He saw his first deployment overseas in Afghanistan, eight months after the US invasion, as part of Operation Enduring Freedom. He spent two years “in the sand,” rotated home for additional training, then flew off again to Iraq, saw action in the Horn of Africa against Somali pirates, fought the militant Salafist Group for Preaching and Combat in North Africa’s Greater Maghreb, helped reopen the Transit Center at Manas, in Kyrgyzstan, then rotated back to Fort Benning as a Ranger school supervisory officer.
The file contained full details of Darby’s classified missions, and Bolan reviewed them briefly, spending time enough to satisfy himself that there were no black marks against the major’s name, no indication whatsoever of dissatisfaction with the service or the slightest bent toward any kind of radical philosophy or creed.
And yet...
The next file up belonged to Lieutenant Colonel Andrew Knowlton, age thirty-five, a second-generation Ranger whose father, now deceased, had returned from Vietnam minus his right leg and left eye, after the Battle of Khe Sanh in Quang Trị Province, near its wind-down in July 1968. In the process, he had killed an estimated sixty-seven of General Vo Nguyen Giap’s North Vietnamese regulars and secured a Silver Star, three Purple Hearts, together with South Vietnam’s Meritorious Service Medal and a lifetime disability pension. His son had joined the Army right after graduating Alabama A & M, passed through Ranger school without a hitch, and served the years of duty every Ranger now expected in Afghanistan, Iraq, and in Africa’s Trans Sahara region, interdicting terrorists and drug shipments earmarked for Central Africa.
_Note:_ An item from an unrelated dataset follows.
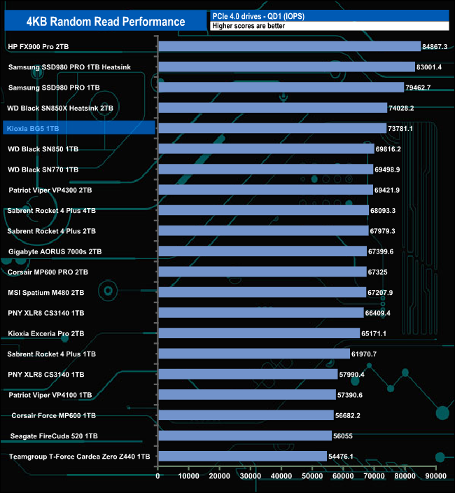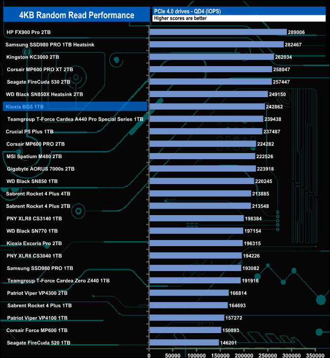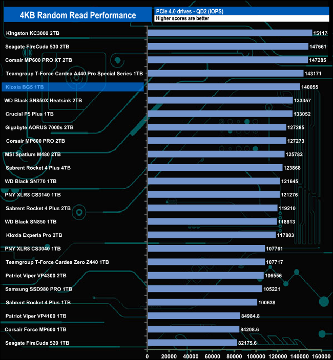 At QD 1 and 2, the BG5 sits in the top five of the drives we have tested. As the queue depth deepens the drive starts to drop down the table. By QD32 it's in the bottom half of our results chart.

At last report, Knowlton had been a lifelong Southern Baptist and rock-ribbed conservative who shared his forebears’ trend of voting for Republicans, airing his patriotism in annual addresses to the local chapter of Veterans of Foreign Wars while home on leave. No one had ever heard him say a kind word about Islam, much less seek to convert and aid its most radical faction as a terrorist.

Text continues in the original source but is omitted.